Medley Hall is the smallest residential college of the University of Melbourne in Australia. Established in 1954, it is situated on 48 Drummond St in Carlton, Victoria, away from other residential colleges in Parkville. It is home to approximately 60 students from around Australia and overseas. Medley Hall was named in honour of Sir John Dudley Gibbs Medley, a previous Vice Chancellor of the University of Melbourne.

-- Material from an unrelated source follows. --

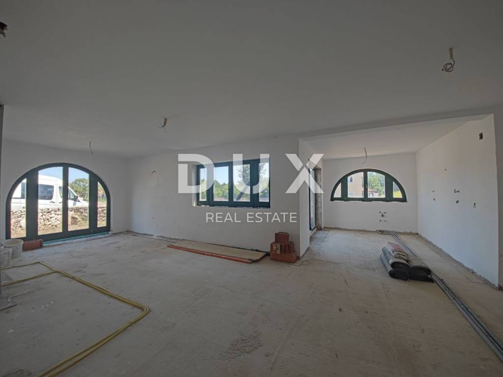 ISLAND OF KRK - Rustic house in the interior of the island with pool. This beautiful villa is located in a small and quiet place. The building has about 135 m2. The ground floor has a kitchen with dining area, bathroom, storage room, large living room with access to the terrace and a beautifully landscaped environment with pool. Upstairs are two bathrooms, one of which belongs to one bedroom, upstairs are two more bedrooms and two large terraces. The building is fitted with quality materials and has underfloor heating. The planned completion of construction is the middle of 2022. The finished building in the pictures is an adjacent building and pictures have been posted to see what this villa will look like upon completion of construction. Completion is scheduled for summer 2022.

Medley Hall was closed from July 2009 to June 2011 due to a building redevelopment. Medley Hall reopened as a residential college from July 2011.

History 

The main building was originally called Benvenuta. It was completed in 1893 for Leah Abrahams, the widow of a small arms dealer. In 1925, Benvenuta was leased to the Commonwealth Government which transformed it into Arbitration Court Offices. Next, the mansion was converted into an Italian club, boasting a ballroom, orchestra and a regular Sunday boxing match, after a period of vacancy.

Benvenuta also has its share of dark history. A bullet hole in the stained glass 'Welcome' window at the top of the stairs is supposedly evidence of criminal activity occurring from 1938 when leased to a North Melbourne vigneron.

Benvenuta's ownership passed to the Italian Consulate prior to Italy's participation in World War II. After the war, Benvenuta was given to the University of Melbourne which then renamed it the Drummond Street Hostel.

In 1953, the management was taken over by the University Council and the first Warden was appointed the following year. In 1955, the hostel was renamed Medley Hall.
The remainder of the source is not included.